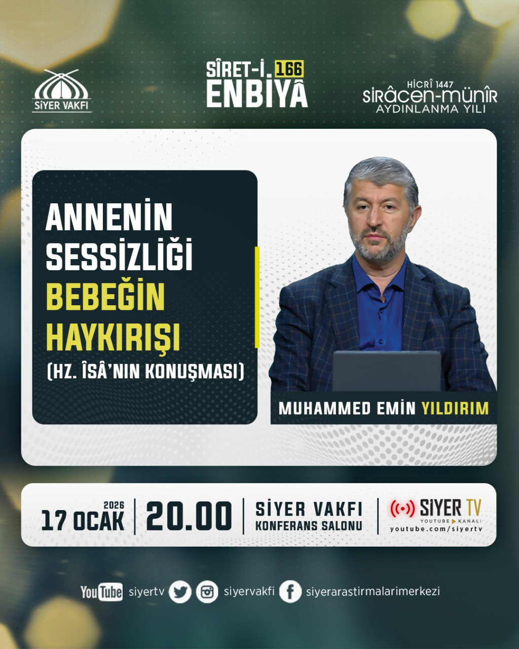 Sîret-i Enbiyâ derslerimizde bu hafta: "Annenin Sessizliği Bebeğin Haykırışı (Hz. Îsâ'nın Konuşması)" Dersimiz yarın akşam 20.00'de Siyer Vakfımızda, canlı yayınla Siyer Tv Youtube Kanalımızda... 📌 Canlı Yayın 📺 : https://youtu.be/8JlB-iuou8o
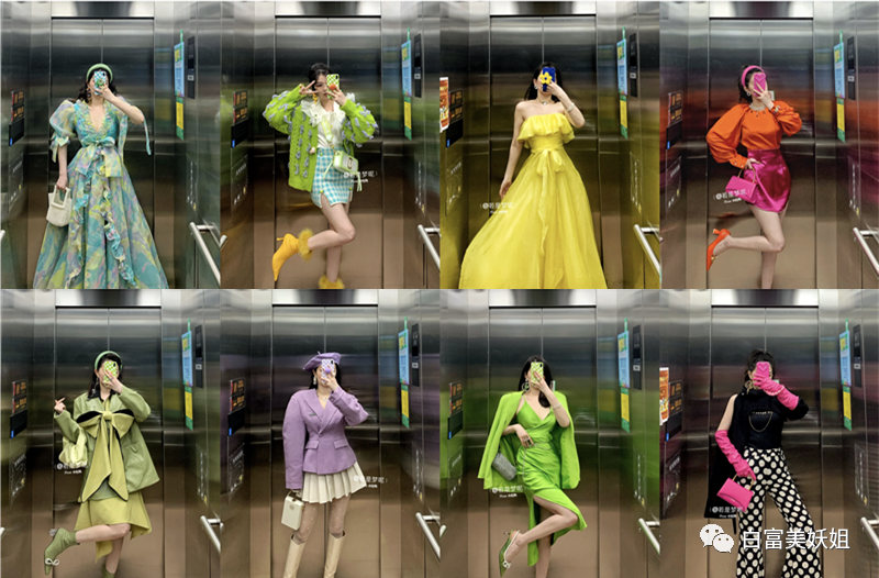 封城居家期间,上海徐家汇某小区的公用电梯,成了她的时装秀T台。
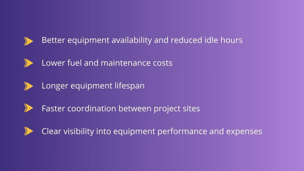 It is a digital tool that helps contractors monitor, track, and maintain their construction equipment. It records usage, fuel consumption, maintenance schedules, and cost reports, giving full visibility into equipment operations.
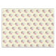 A patterned tablecloth with a cute watercolor painting of a pale green egg sitting inside a wicker basket. Decorated with ribbons, bows, flowers and little hearts. A pink flamingo and white bunny rabbit by its side.

> _Work instructions_:
Copy the material exactly as written and leave every picture behind.

> _Expected output_:
 Sîret-i Enbiyâ derslerimizde bu hafta: "Annenin Sessizliği Bebeğin Haykırışı (Hz. Îsâ'nın Konuşması)" Dersimiz yarın akşam 20.00'de Siyer Vakfımızda, canlı yayınla Siyer Tv Youtube Kanalımızda... 📌 Canlı Yayın 📺 : https://youtu.be/8JlB-iuou8o
 封城居家期间,上海徐家汇某小区的公用电梯,成了她的时装秀T台。
 It is a digital tool that helps contractors monitor, track, and maintain their construction equipment. It records usage, fuel consumption, maintenance schedules, and cost reports, giving full visibility into equipment operations.
 A patterned tablecloth with a cute watercolor painting of a pale green egg sitting inside a wicker basket. Decorated with ribbons, bows, flowers and little hearts. A pink flamingo and white bunny rabbit by its side.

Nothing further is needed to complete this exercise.